What Questions Should Older Adults Ask the Candidates?

August 1, 2016

An elegant grandma talking through a megaphone

Two-thirds of all people who are older than 65 in the entire history of the world are alive today.  I am among them.  According to Ken Dychtwald, PhD, Founder of Age Wave the average life expectancy when the Constitution was written was 36 years old.

Today there are over 10,000 people a day turning 70, who have been enrolled in Medicare since 65 and most if not all, are relying on Social Security earnings.  This voting block has surged just since the 2012 election with older adults showing up much stronger at the polls (72%) versus younger adults (45%).  How does this affect the upcoming elections and the candidates?  What are the policy stances of the candidates around older adults?

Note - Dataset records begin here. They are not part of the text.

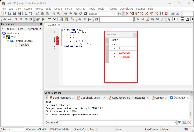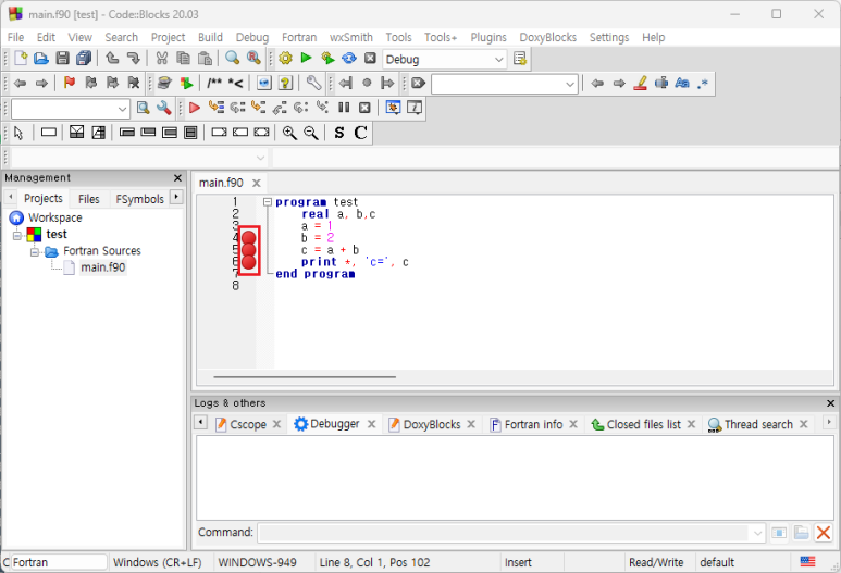 (12) main.f90 파일에 간단한 소스를 작성한 후, 중단점(break point)를 설정한다.
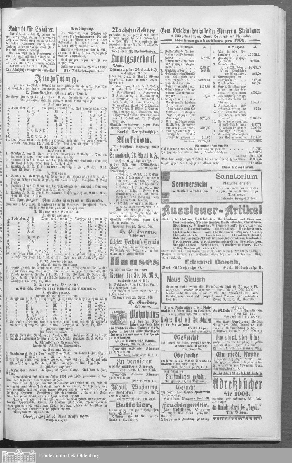 Wilhelmshavener Tageblatt und amtlicher Anzeiger....
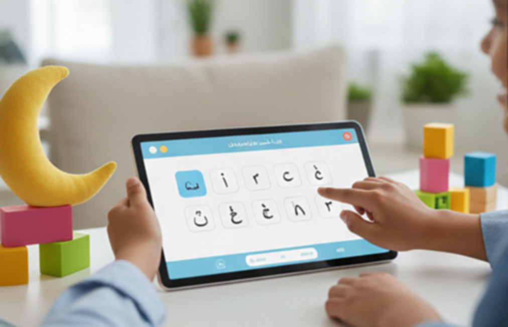 A phase based digital guide for introducing Arabic letters, symbols, and reading practice.
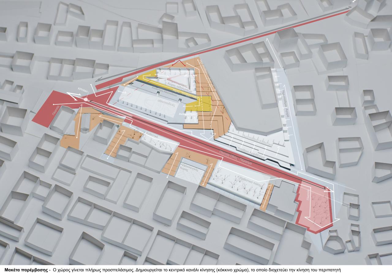 A wide public path is formed in the core of the public space
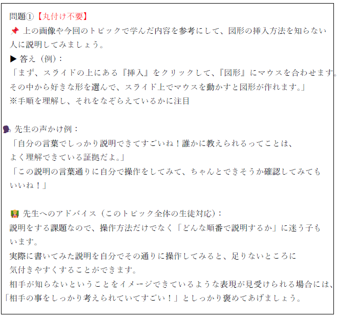 解答集には全ての問題に声掛けなどの例がありますが、基本的な原則としているのは下記の3点です。
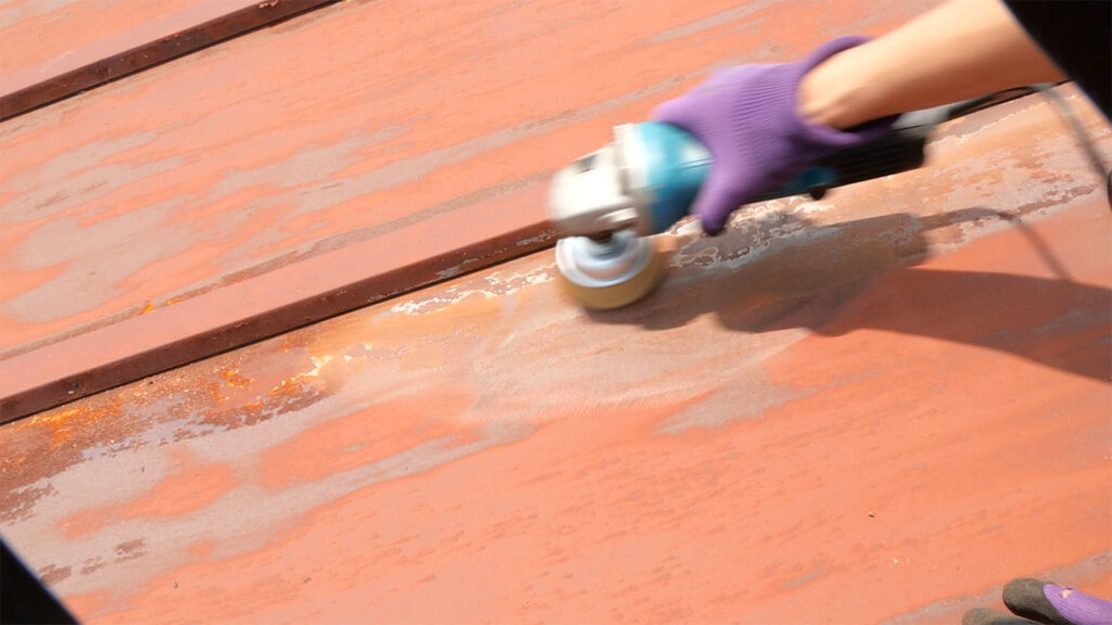今のトタンにそのまま塗装したのでは剥がれてしまうのでケレン作業といって汚れや錆びを取ったり塗装を傷つける作業をします、それにより塗装が食いて剥がれずらくなります。
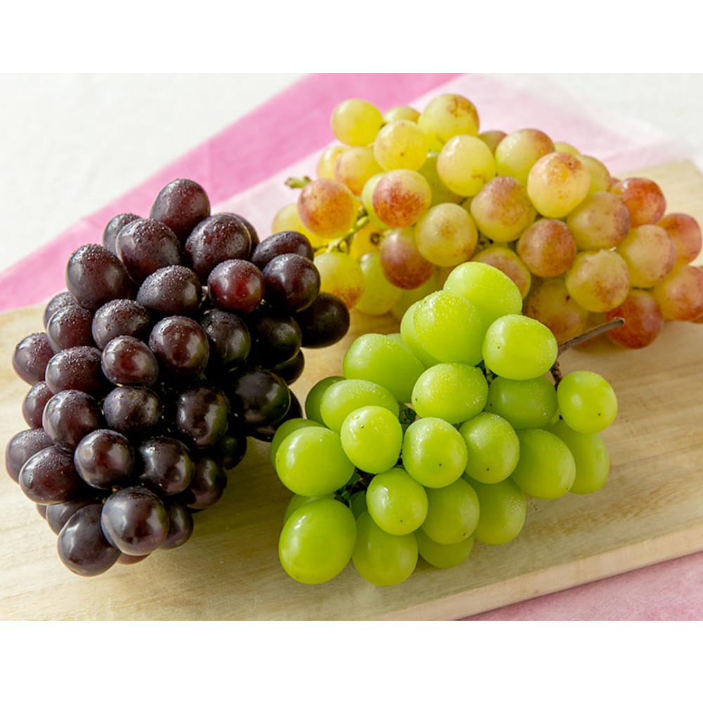 皮ごと食べられる品種の緑色(シャインマスカット)赤(紅たまき等)黒(マスカットノワール等)の3種のセットです。それぞれ見た目も違いますが、香りも食味も違うのでバラエティーに富んだ楽しみ方を味わえます。
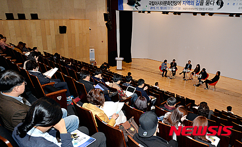 【광주=뉴시스】배동민 기자 = 18일 오후 광주 동구 국립아시아문화전당 문화정보원 극장3에서 전당이 주최하고 아시아문화원과 아시아문화중심도시조성지원포럼, 광주전남기자협회, 전남대학교가 주관한 '문화전당 브랜딩·관광마케팅 전략 세미나(국립아시아문화전당에 지역의 길을 묻다Ⅱ)'가 열리고 있다. 세미나에 참여한 각계 전문가들이 문화전당의 브랜딩 전략 등을 주제로 토론을 벌이고 있다. 2015.11.18.
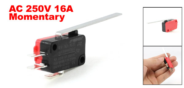 AC 250V 16A SPDT Long Straight Hinge Lever Momentary Miniature Micro Switch
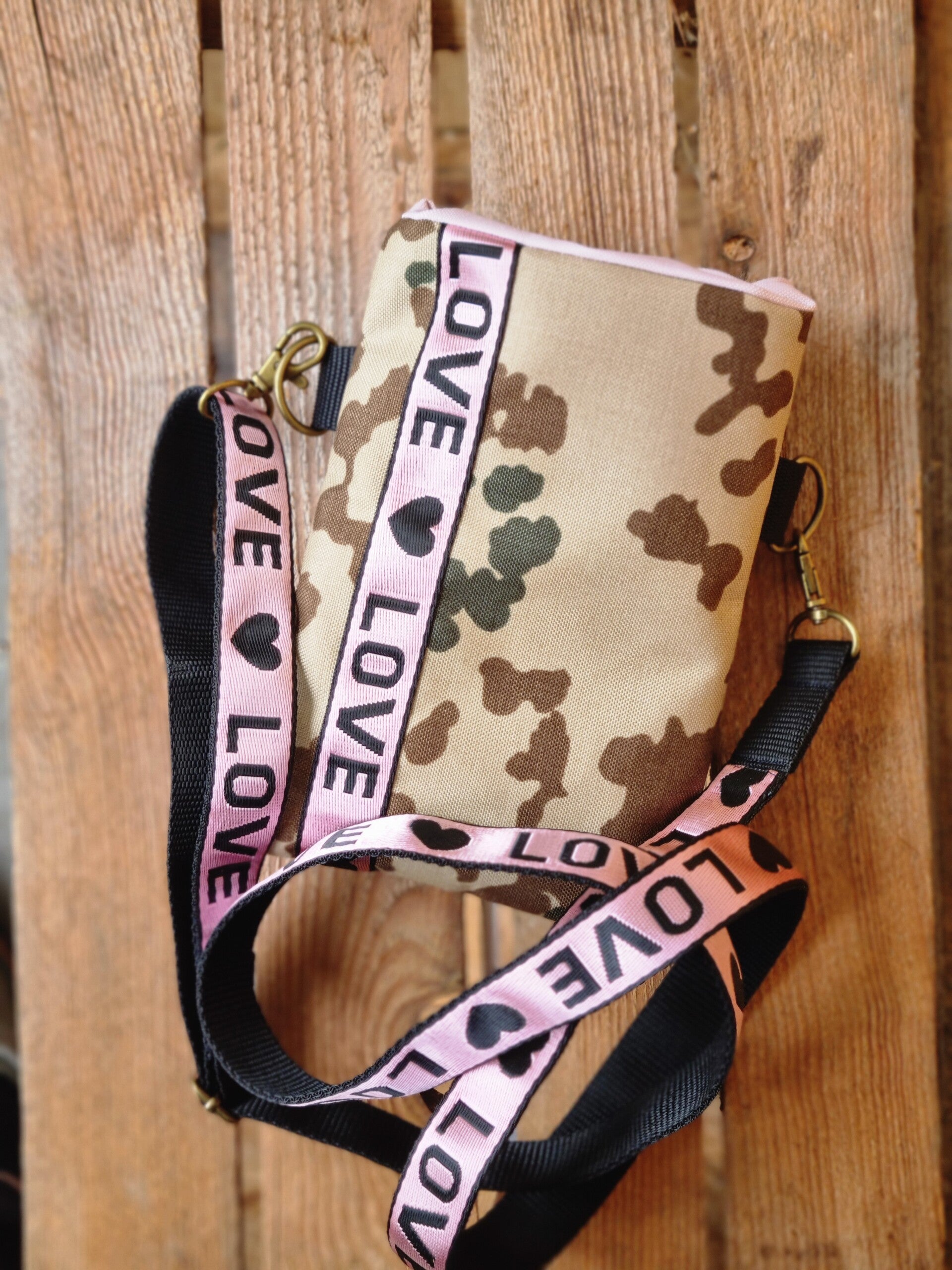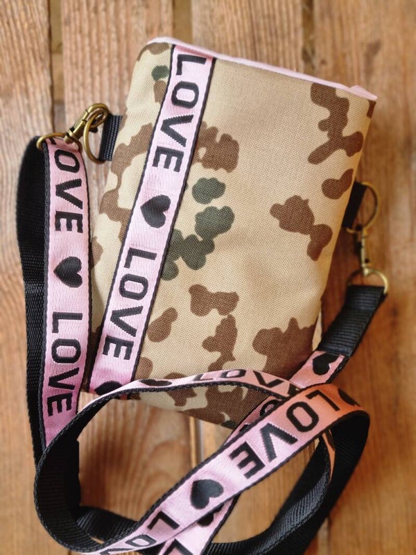 Mit verstellbarem Schulter Gurt in einem coolem Look, passend zu der Taschen Applikation.
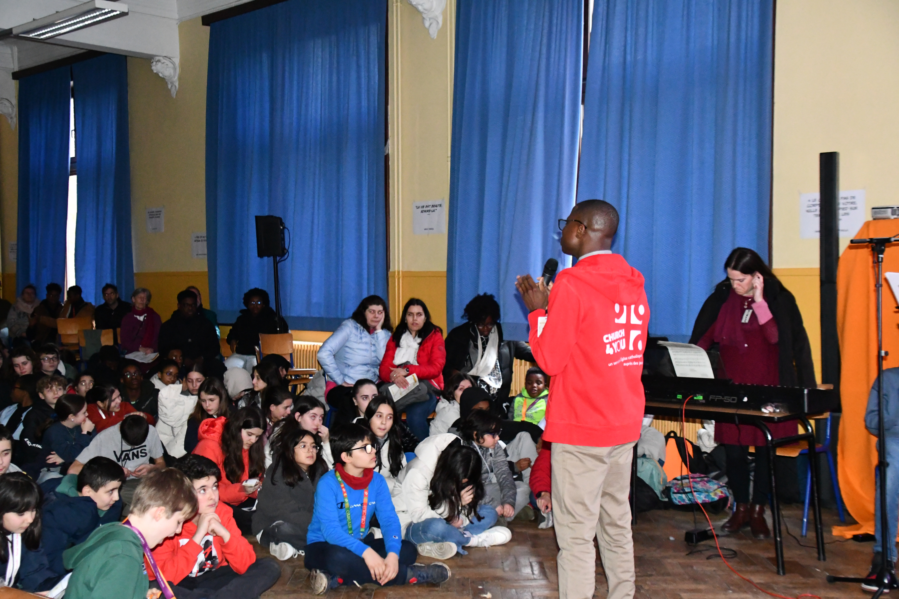 Le but de cet événement ? Rassembler les petits groupes locaux et permettre aux adolescents, non seulement de rencontrer d’autres croyants de leurs âges, mais également de faire l’expérience d’une Eglise jeune et joyeuse. C’est d’ailleurs un Jésus métamorphosé en personnage de bande dessinée et roulant à trottinette qui trônait sur l’affiche de l’événement, avec cette interpellation : « Toi aussi réponds à l’appel de Jésus dans ta vie ! ». C’était le thème de la journée : l’appel personnel de Jésus pour chacun d’entre nous, un appel à la vie, à la joie et au don de soi.

If we could get the candidates attention, what should they know about issues around older adults?

  1. Who is old?  Medicare says old is 65 years to receive benefits.  Social Security says 62, 67 or earlier if disabled.  Life expectancy is approaching 79 years old, has continued to increase with better healthcare and personal wellness decisions but these entitlement programs are still stuck in the 60’s.  With the increased numbers of older adults and increased costs, doesn’t it make sense to review what the right age is old and establish a baseline that is the same for government programs?
  2. What health issues affect most and what are the costs? One out of 2 people over 85 are afflicted with Alzheimer’s or related memory loss.  This age group is the fastest growing segment of the older population.  There is still no cure or even relative treatment that works.  Family caregivers (among 34 million) have to quit their jobs, juggle care giving duties and jeopardize their own health  while caring for someone who has chronic physical medical or memory impairment.   How will our elected officials address both public policy and financial issues currently and in the future as these critical issues move even more to the forefront?
  3. How can elder poverty be averted for older adults? According to the GAO nearly half of all people over 55+ and approaching retirement have no retirement savings.  When individuals begin to think about retirement, approximately 50% of them will have to depend solely on Social Security as they have no pensions. This is a big factor in the reason that more older adults continue working past expected retirement.   How will the candidates begin to address the need for personal accountability and savings around growing old and living longer?  Who will take care of these people?
  4. Do candidates believe in ageism? What level of respect do older adults receive regarding special needs, re-employment, decision-making, etc.?  Are the candidates, all of whom are entering their older years themselves willing to set the bar above the discrimination and lack of regard for the wisdom of the elders?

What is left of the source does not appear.